Cristi Ghinea picture Cristi Ghinea · Mar 27, 2016 · Viewed 21.4k times · Source

We're trying to save the content (HTML) of WKWebView in a persistent storage (NSUserDefaults, CoreData or disk file). The user can see the same content when he re-enters the application with no internet connection. WKWebView doesn't use NSURLProtocol like UIWebView (see post here).

Although I have seen posts that "The offline application cache is not enabled in WKWebView." (Apple dev forums), I know that a solution exists.

I've learned of two possibilities, but I couldn't make them work:

1) If I open a website in Safari for Mac and select File >> Save As, it will appear the following option in the image below. For Mac apps exists [[[webView mainFrame] dataSource] webArchive], but on UIWebView or WKWebView there is no such API. But if I load a .webarchive file in Xcode on WKWebView (like the one I obtained from Mac Safari), then the content is displayed correctly (html, external images, video previews) if there is no internet connection. The .webarchive file is actually a plist (property list). I tried to use a mac framework that creates a .webarchive file, but it was incomplete.

enter image description here

2) I obtanined the HTML in webView:didFinishNavigation but it doesn't save external images, css, javascript

 func webView(webView: WKWebView, didFinishNavigation navigation: WKNavigation!) {

    webView.evaluateJavaScript("document.documentElement.outerHTML.toString()",
        completionHandler: { (html: AnyObject?, error: NSError?) in
            print(html)
    })
}

We're struggling over a week and it is a main feature for us. Any idea is really appreciated.

Thank you!

Answer

Ernesto Elsäßer picture Ernesto Elsäßer · Nov 11, 2018

I know I'm late, but I have recently been looking for a way to store web pages for offline reading, and still could't find any reliable solution that wouldn't depend on the page itself and wouldn't use the deprecated UIWebView. A lot of people write that one should use the existing HTTP caching, but WebKit seems to do a lot of stuff out-of-process, making it virtually impossible to enforce complete caching (see here or here). However, this question guided me into the right direction. Tinkering with the web archive approach, I found that it's actually quite easy to write your own web archive exporter.

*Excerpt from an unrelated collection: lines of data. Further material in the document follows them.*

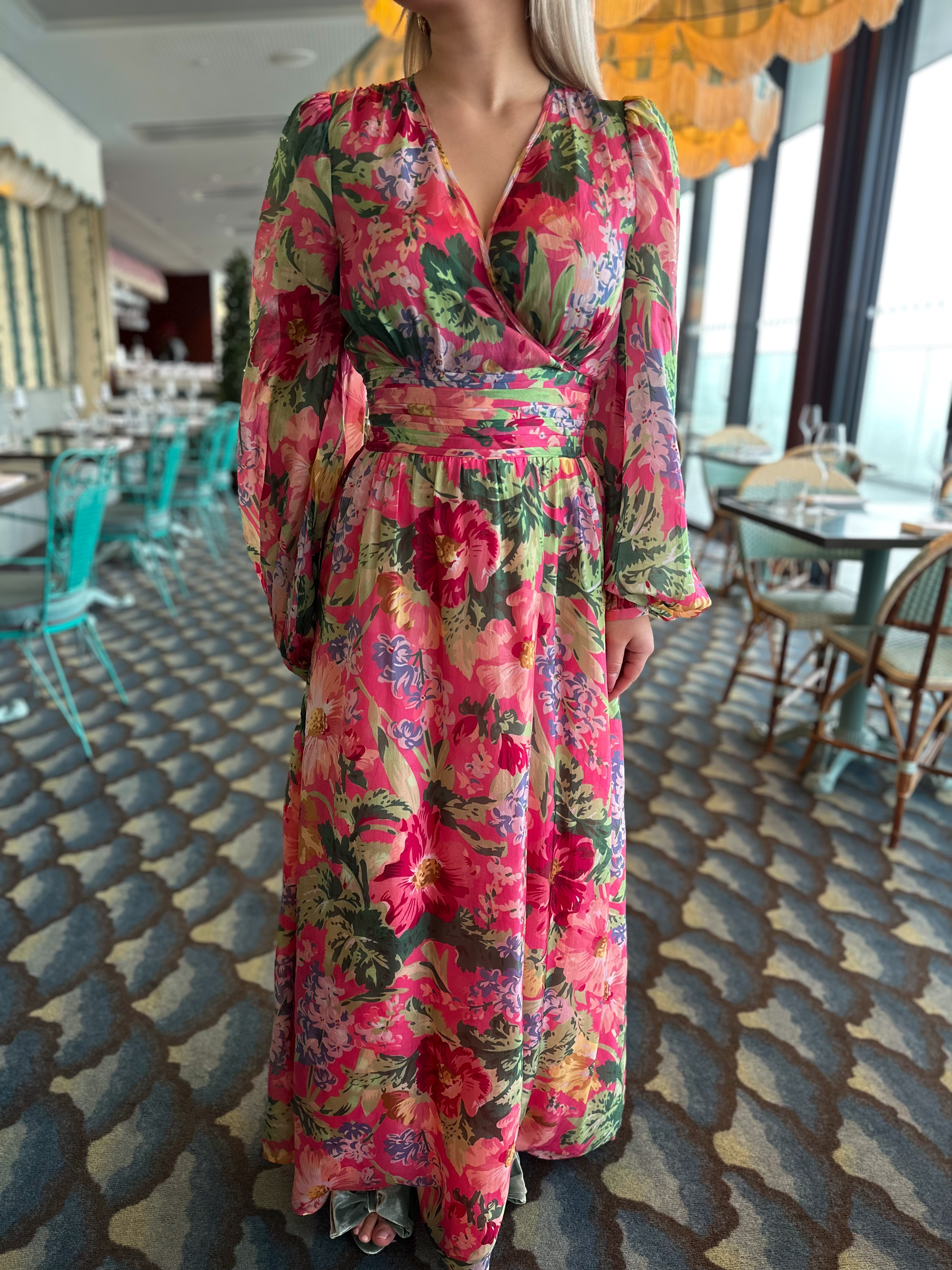 "Cupro Rouching Gown" fra byTiMo. Cupro Rouching Dress er kuttet i byTiMos glatte, silkeaktige cupro. Kjolen har et elegant maxiskjørt, figursydd topp med V-hals med rynkede detaljer og puffede ermer med elastiske mansjetter. Midjen er definert med et plissert panel.
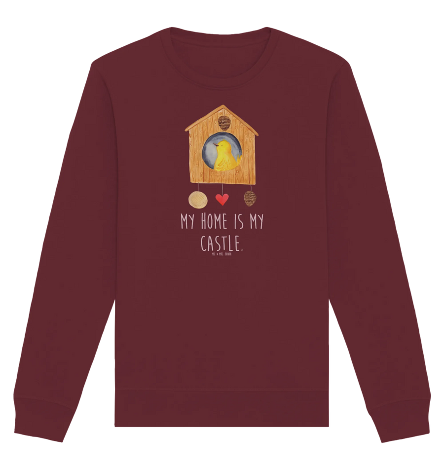 Organiczny Sweter ptak Dom - Rozmiar M - z napisem - Burgund
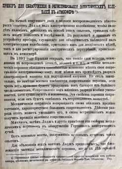 Статья А. С. Попова «Прибор для обнаружения и регистрирование электрических колебаний в атмосфере». Оттиск 1896 г.
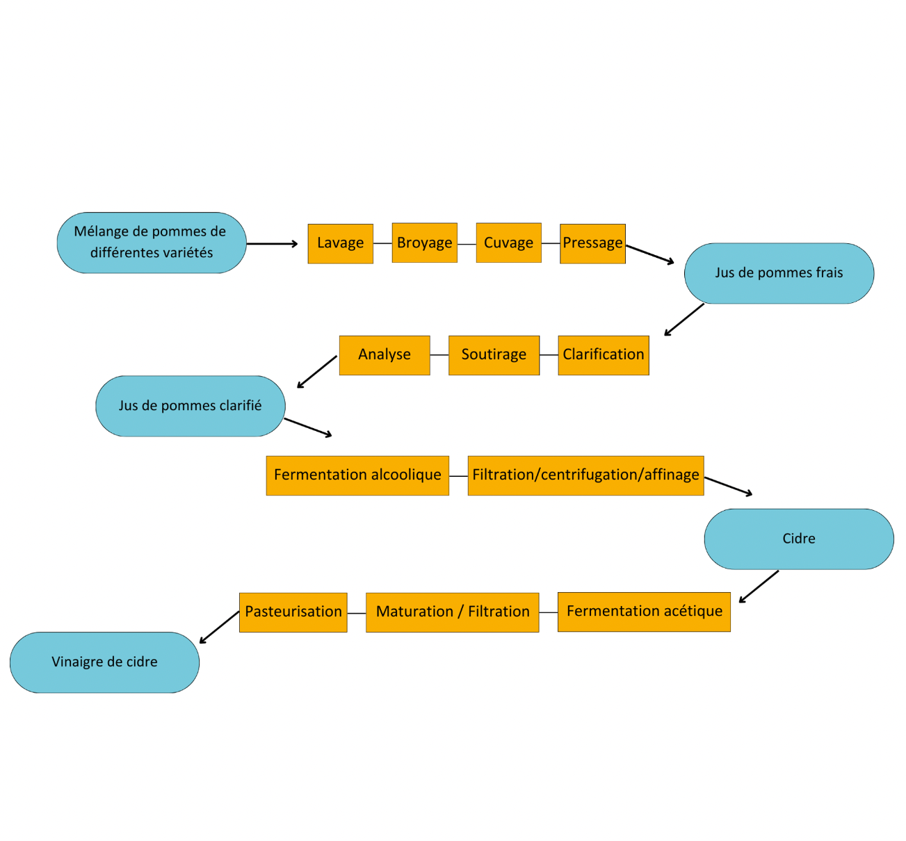 After washing, crushing and pressing the apples to obtain apple juice, a first fermentation takes place, alcoholic fermentation, to transform the apple juice into cider. Then a second fermentation, acetic fermentation to make this cider, cider vinegar.
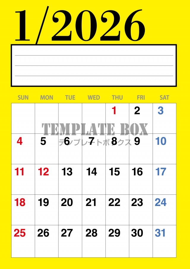 無料テンプレート:2026年1月カレンダー:縦型イエローカラーカレンダー
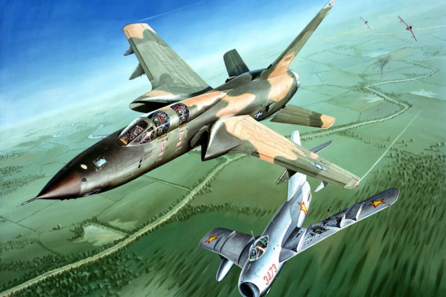 美军F-105战斗轰炸机击落越共米格-17战斗机。
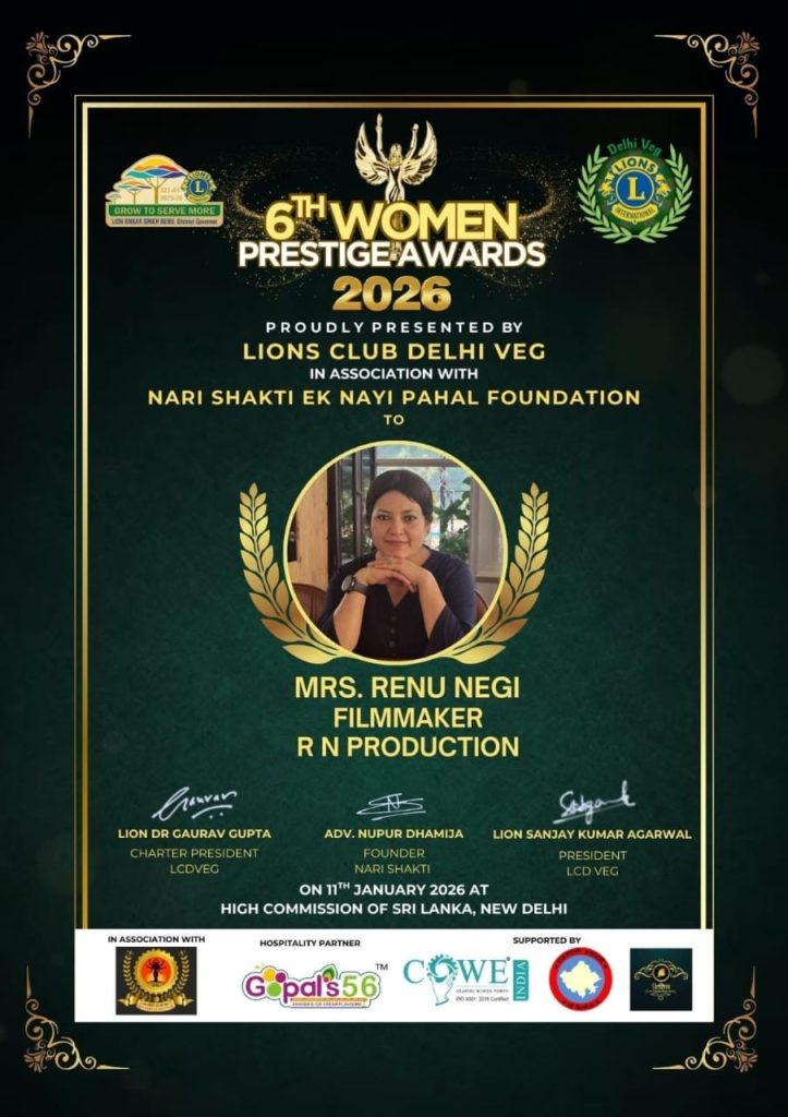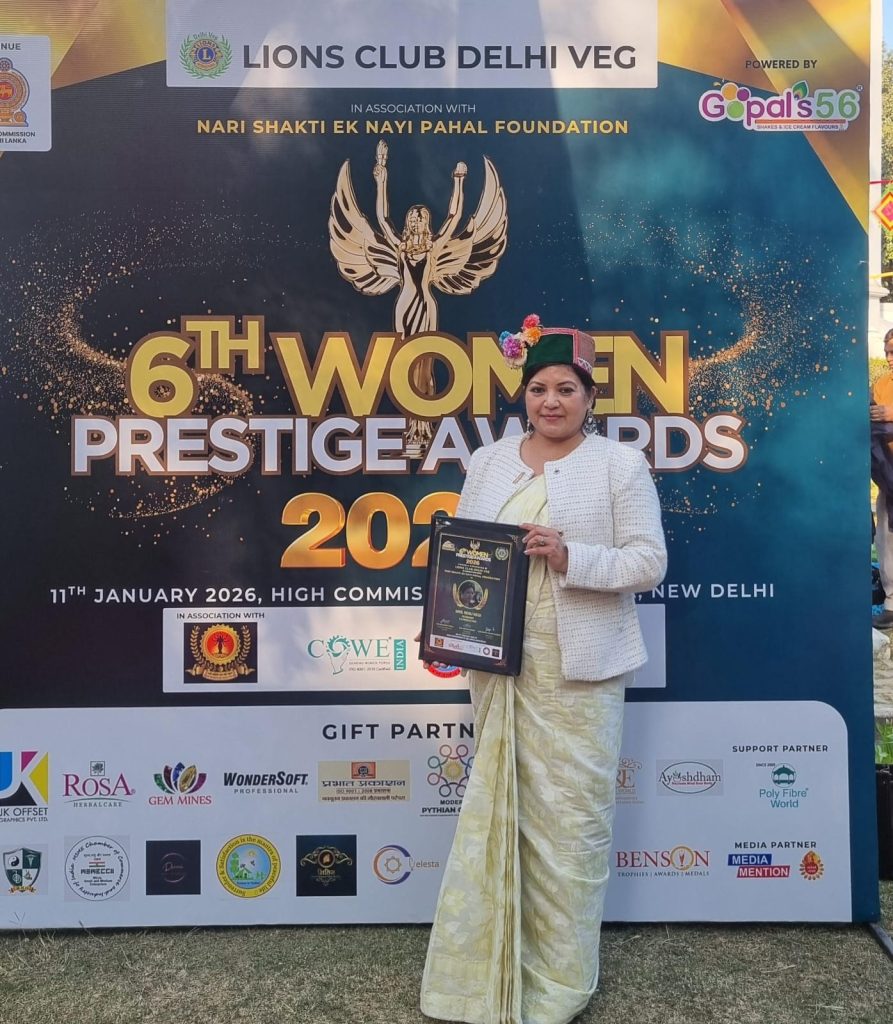 दिल्ली के चाणक्यपुरी स्थित श्रीलंका उच्चायोग में आयोजित महिला प्रतिष्ठा पुरस्कार 2026 में प्रदेश के जनजातीय ज़िला किन्नौर की फिल्ममेकर रेणु नेगी सम्मानित

As written in the question, web archives are just plist files, so all it takes is a crawler that extracts the required resources from the HTML page, downloads them all and stores them in a big plist file. This archive file can then later be loaded into the WKWebView via loadFileURL(URL:allowingReadAccessTo:).

I created a demo app that allows archiving from and restoring to a WKWebView using this approach: https://github.com/ernesto-elsaesser/OfflineWebView

EDIT: The archive generation code is now available as standalone Swift package: https://github.com/ernesto-elsaesser/WebArchiver

The implementation only depends on Fuzi for HTML parsing.